Au bout du compte l’histoire du Congo postcolonial se confond avec l’histoire des Bantous de la Capitale. C’est ce qui ressort de l’ouvrage de Clément Ossinondé « Les Bantous de la capitale, chronologie des 48 ans d’existence » publié aux Editions Cyriaque Bassoka Editions.

Le phénix de la musique congolaise

Créé en 1959, à la veille des Indépendances, l’orchestre Les Bantous de la Capitale est le seul à avoir résisté aux agressions du temps, ses contemporains, Cercul-Jazz, Negro-Band, Novelty, Los Batchicha, Tembo, Manta Lokoka, Sinza Kotok, Mando-Négro Kwala-Kwa, Super-Boboto, Jeunes Bantou, Kimbong-Ntouma ont tous rendu l’âme. Aujourd’hui la formation musicale de Nino-Malapet et Essou, âgée de 48 ans, peut se glorifier de mener une activité ininterrompue marquée néanmoins, comme toute entreprise humaine, par des crises souvent ponctuelles, parfois aussi structurelles.

Dès le départ, le groupe est en proie à une question d’orientation musicale. Fallait-il rester attaché à l’école cubaine hérité de Rocka-Mambo ? Fallait-il adopter le mode musical « odenda » que les leaders avaient mis en place dans l’Ok-Jazz ? Après de longues hésitations, la solution vint d’une crise déclenchée par la défection du guitariste Papa Noël, transfuge léopoldvillois qui rentre au bercail après avoir été séduit par son compatriote Joseph Kabassélé dit Grand Kallé Jeff. C’est l’une des premières infidélités (et non la dernière) dont seront victime Les Bantous. Les défections, les départs de musiciens, les transferts sont hélas monnaie courante dans les groupes congolais. L’arrivée du guitariste Géry Gérard en 1965 opère le changement de style qui fera des Bantous l’une des trois écoles de la musique congolaise des rives du fleuve Congo.
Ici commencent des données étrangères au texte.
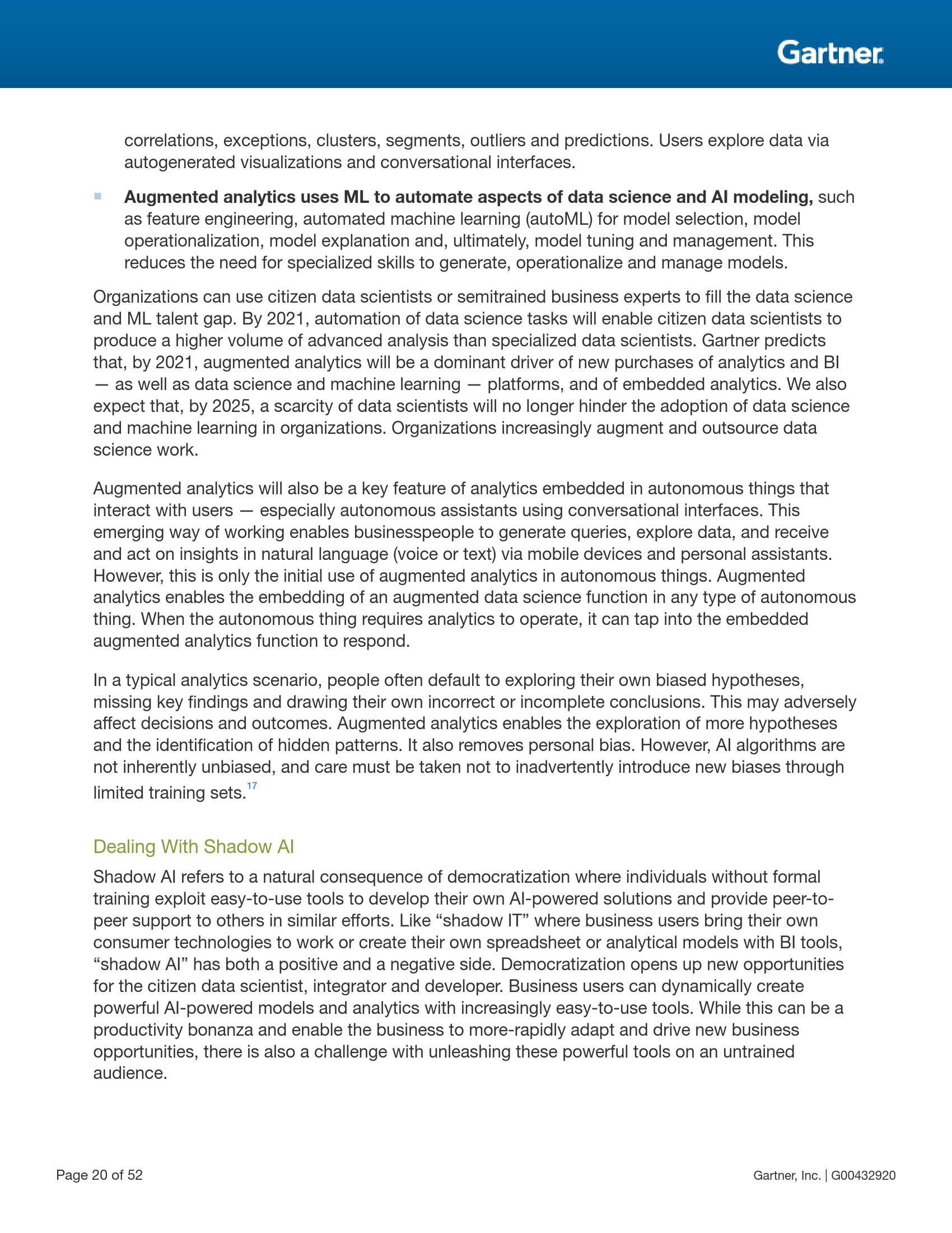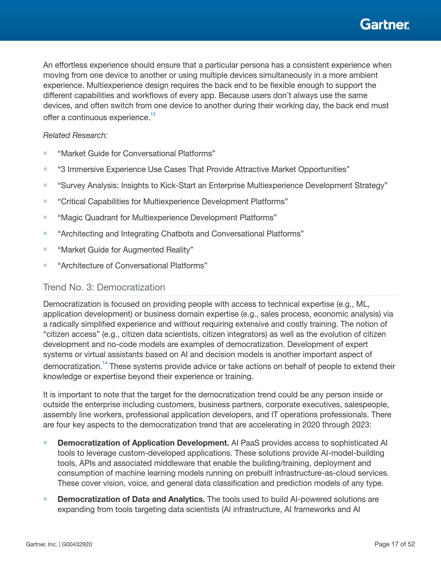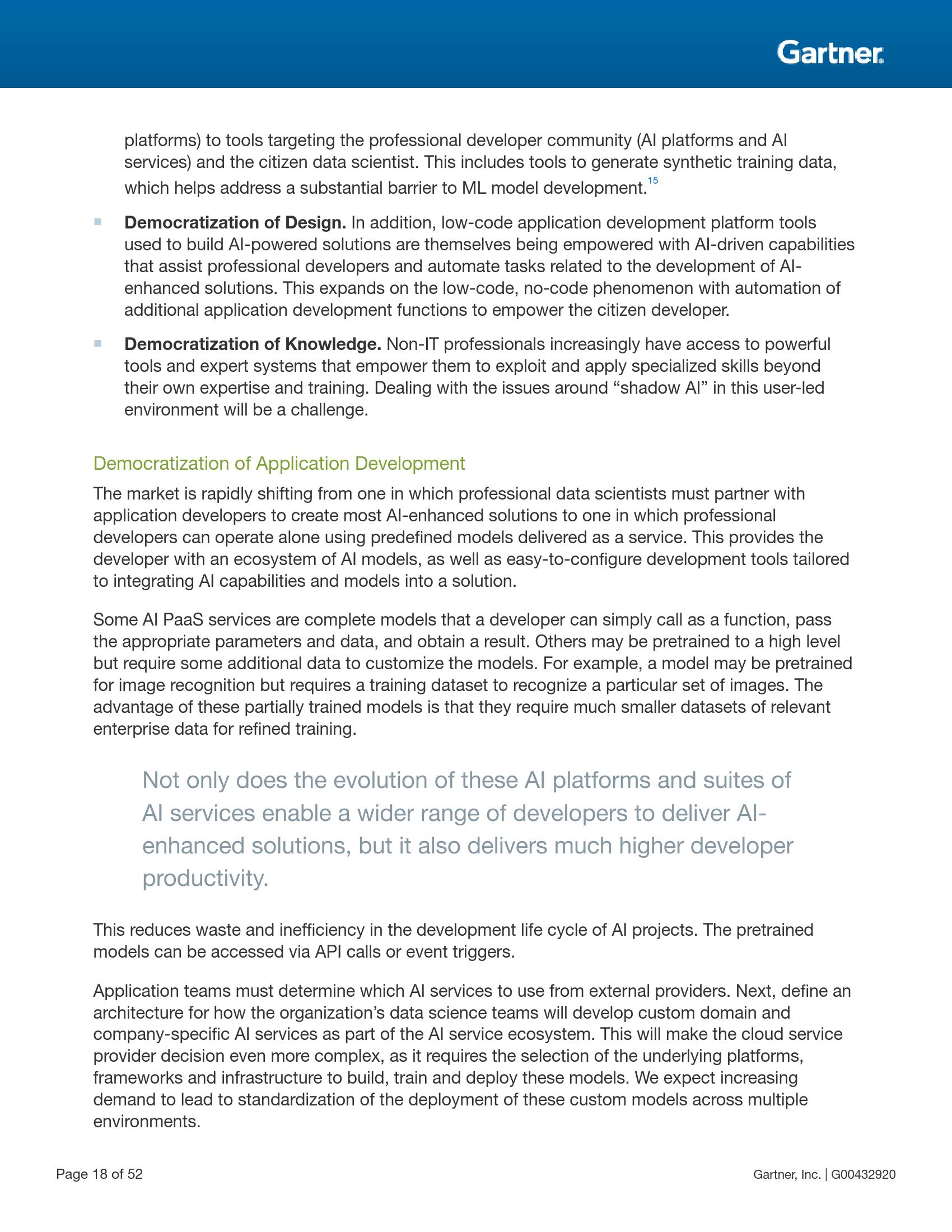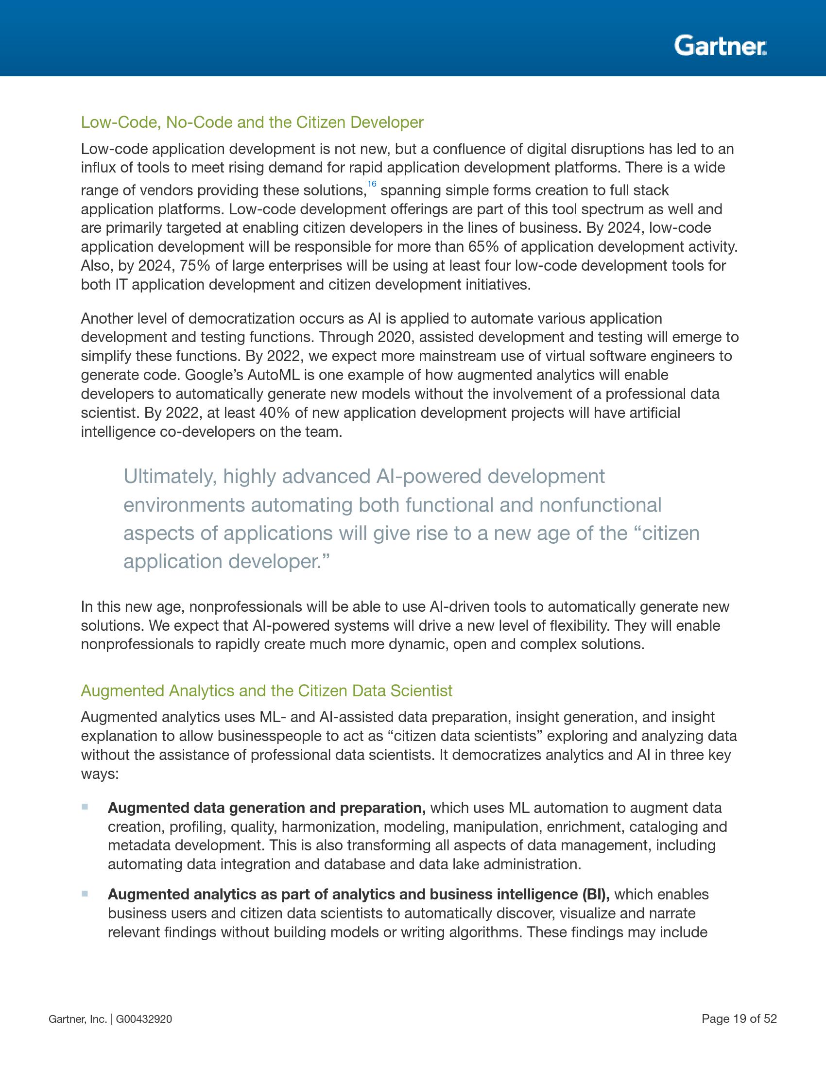 Gartner预测,从现在起到2023年,这一民主化趋势的四个关键方面将加速发展,包括数据和分析的民主化(从针对数据科学家的专用工具扩大到适用于一般开发人员的普及工具)、开发的民主化(自主开发应用程序中使用的人工智能工具)、设计的民主化(低代码、无代码的场景持续增加,更多的应用程序开发功能实现自动化,为公民开发者提供支持)以及知识的民主化(非IT专业人员通过使用工具和专家系统,应用超出自身具备的专业知识和受到的培训以外的专业技能)。

Tout commença à Léopoldville. A l’origine, il y eut Essous Spiritus, Edo, Nino, Célio, De la Lune, Pandi, Papa Noël, Jojo. Ensuite les thèses varient. La première dit que rongés par la nostalgie, les brazzavillois de Léopoldville décident de rentrer à Brazzaville créer un groupe à l’image de L’Ok-Jazz. La deuxième thèse dit que lassés par le chauvinisme de Franco le kinois, les brazzavillois de L’Ok-Jazz finissent par prendre leurs clics et leurs clacs, traversent le Pool Malébo pour Brazzaville en maugréant des propos du genre « on va leur prouver qu’on est des mecs » (Béto bantou, en lari). On prête ce propos à Nganga Edo et Nkouka Céléstin déçus par l’attitude des kinois . Les deux thèses ne s’affrontent pas. Elles se complètent. Nostalgie et ras le bol seraient les mobiles du retour au bercail et les raisons pour lesquelles Les Bantou naissent à Brazzaville en 1959. Le nom du groupe « Les Bantou » viendrait de la résolution « béto mpé bantu ». Clément Ossinondé donne une autre explication. Le nom viendrait d’un groupe de jazz (Bantou Sextet) qui joue dans les quartiers européens du centre-ville.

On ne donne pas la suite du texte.